- When
- Thurs., Nov. 30, 2023, 6:30–7 p.m.
- Where
- Art Theater
- Tickets
-
Free, museum admission not required
Register 🎟
Akemi May, associate curator, works on paper at Carnegie Museum of Art, and Jeannie Kenmotsu, PhD, Arlene and Harold Schnitzer Curator of Asian Art at the Portland Art Museum, discuss the international reception of Japanese prints focusing on the works in our current exhibition, Imprinting in Their Time: Japanese Printmakers, 1912–2022.
About the Speakers
Jeannie Kenmotsu, PhD, is the Arlene and Harold Schnitzer Curator of Asian Art at the Portland Art Museum (Portland, Oregon). She is a specialist in the art of early modern Japan, with focus on painting, illustrated books, and prints. Other interests include contemporary Asian art, the international reception of Japanese prints, and creative practices of the diaspora. Her research has been supported by the Andrew W. Mellon Foundation, Japan Foundation, and Blakemore Foundation, among others. Dr. Kenmotsu is a Senior Fellow of the Andrew W. Mellon Society of Fellows in Critical Bibliography at Rare Book School and a board member of the Japanese Art Society of America. She is currently organizing the first major museum retrospective of the artist Yoshida Chizuko (1924–2017).

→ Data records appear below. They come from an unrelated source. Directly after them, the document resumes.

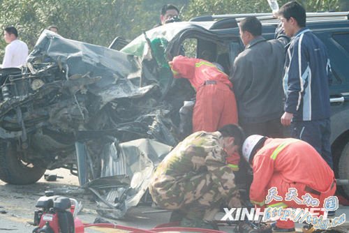 中新网南宁2月8日电 8日下午2时许,广西河池市金城江区境内,一辆从广东东莞开往四川的大客车与一越野车碰撞后,不慎翻下100多米的悬崖,当时车上载有51名乘客。现场传回的消息称,目测已发现6具尸体,20多名伤者已爬出车外,仍有20多人被困车内,情况不容乐观。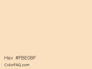 Hex #fbe0bf Color is a very light orange color and the nearest color is Very Pale Orange #ffdfbf. Hex code #fbe0bf and RGB value is rgb(251,224,191). In RGB color space, this color is composed of 98% red, 88% green, 75% blue, In CMYK color space, this color is composed of 0% cyan, 11% magenta, 24% yellow , 2% black , In HSL color space, this color has a hue angle of 33° , 88% saturation and 87% lightness.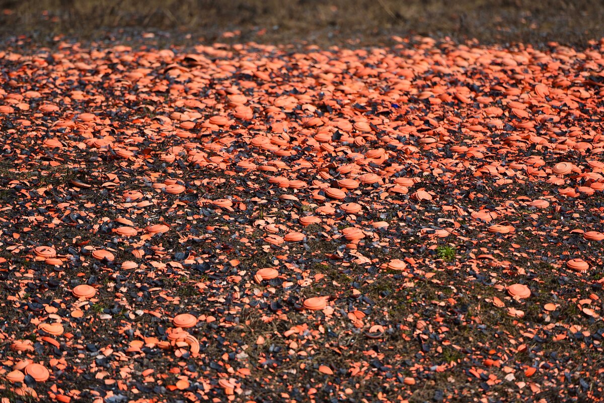 После того, как завершаются соревнования, земли из-под сбитых мишеней почти не видно, поскольку полигон почти целиком окрашивается в оранжевый цвет.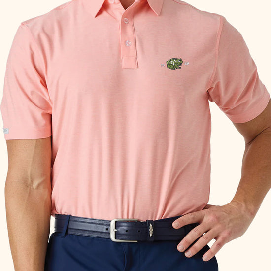 The Dodge Polo is Straight Down's best-selling performance polo for a reason. It’s made from a soft, stretchy cross-dyed heather fabric that feels great whether you’re on the course or in the office. The lightweight and breathable material is quick-drying, moisture-wicking, and offers SPF 50+ protection to keep you cool, dry, and shielded from the sun. Plus, the collar features their signature durable design that stays flat wash after wash, making it a solid choice for both play and everyday wear.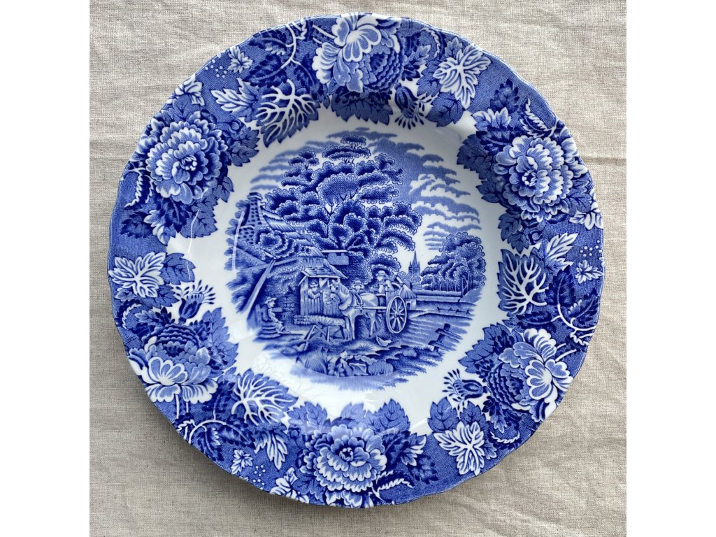 Hluboký talíř je zdoben výrazným modrobílým transferovým dekorem v tradičním anglickém stylu, který kombinuje bohatý květinový okraj s detailně propracovanou centrální venkovskou scénou.
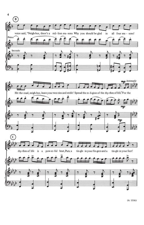 This hit from the Broadway musical and motion picture Sweet Charity has wowed audiences for over two decades. A StudioTrax CD is available featuring a brand new recording. With multiple voicings and separate choreography available, this proven winner is extremely versatile. Get your concert moving with this positive and energetic piece! Available separately: SATB, SSA, TTBB, SAB, Choreography, StudioTrax CD.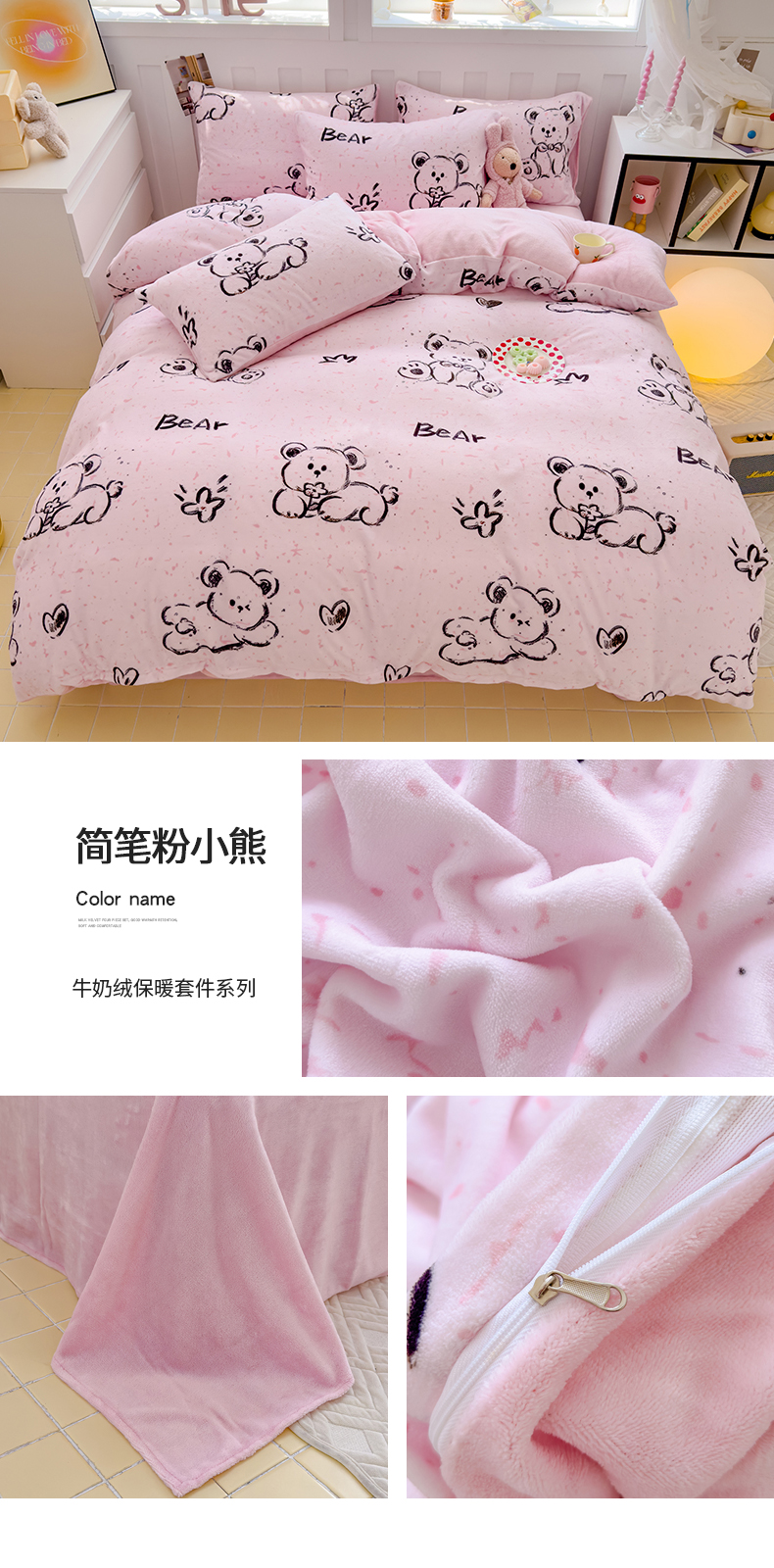 当前位置: 91家纺网 > 商品网购 > 床品套件 > 四件套 > 牛奶绒四件套 > 枋梢家纺 2024新款加厚牛奶绒印花四件套 简笔粉小熊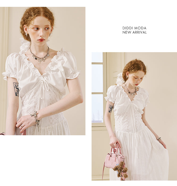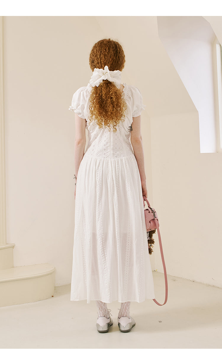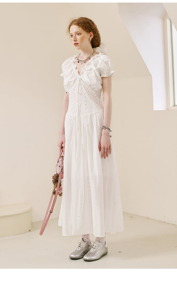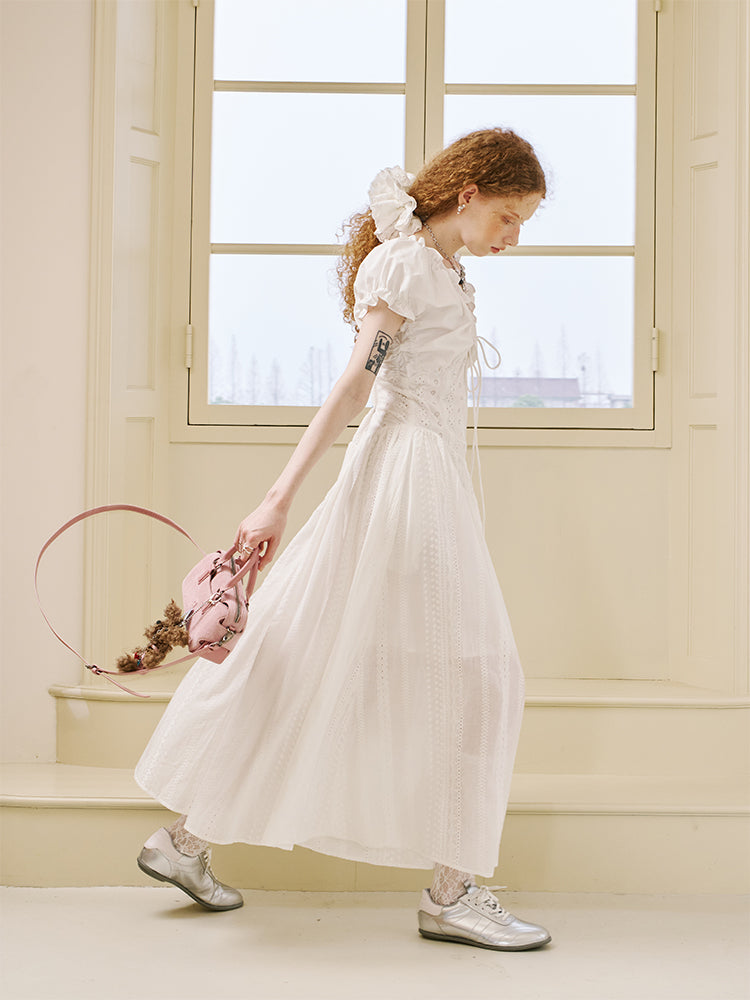 Embroidered Puff-Sleeve Dress In Short And Long Lengths

Akemi May is associate curator of works on paper at Carnegie Museum of Art and curator of Imprinting in Their Time: Japanese Printmakers, 1912–2022. Since joining the museum in 2009, May has organized numerous exhibitions and reinstallations of the museum’s collection, including Japan is the Key: Collecting Prints and Ivories, 1900–1920, Hiroshige’s Tōkaidō Road, Monet and the Modern City, and A Delight for the Senses: The Still Life. May also contributed to Art Tracks, a pioneering data visualization initiative for provenance research and oversaw the publication of the museum’s new Collection Handbook.